Vision Transformers (ViTs) have achieved state-of-the-art performance on
various computer vision applications. These models, however, have considerable
storage and computational overheads, making their deployment and efficient
inference on edge devices challenging. Quantization is a promising approach to
reducing model complexity; unfortunately, existing efforts to quantize ViTs are
simulated quantization (aka fake quantization), which remains floating-point
arithmetic during inference and thus contributes little to model acceleration.

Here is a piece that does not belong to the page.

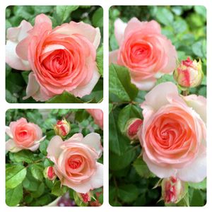 🌹は乾燥には強いですね! ⬅️一向に大きくはならないけど、息子が植えて、長ー〜く庭に居る ホワイトピーチオベーション🍑 あの頃、コーヒーオベーション☕️とかもあったなぁ🤭 枯れたけど! ↗️さんご印の💖ダブルノックアウト🌿🌸元気に咲いてますよ〜🤗 ➡️アイスバーグ(つるじゃ無い方)手入れ悪いけど、テラスで開花🤍 ↘️☔️☔️☔️で真っ白だったスパニッシュビューティーが🌤☀️でこんな色になりました👀🌸🌸

In this paper, we propose I-ViT, an integer-only quantization scheme for ViTs,
to enable ViTs to perform the entire computational graph of inference with
integer operations and bit-shifting and no floating-point operations. In I-ViT,
linear operations (e.g., MatMul and Dense) follow the integer-only pipeline
with dyadic arithmetic, and non-linear operations (e.g., Softmax, GELU, and
LayerNorm) are approximated by the proposed light-weight integer-only
arithmetic methods. In particular, I-ViT applies the proposed Shiftmax and
ShiftGELU, which are designed to use integer bit-shifting to approximate the
corresponding floating-point operations. We evaluate I-ViT on various benchmark
models and the results show that integer-only INT8 quantization achieves
comparable (or even higher) accuracy to the full-precision (FP) baseline.
Furthermore, we utilize TVM for practical hardware deployment on the GPU's
integer arithmetic units, achieving 3.72~4.11× inference speedup
compared to the FP model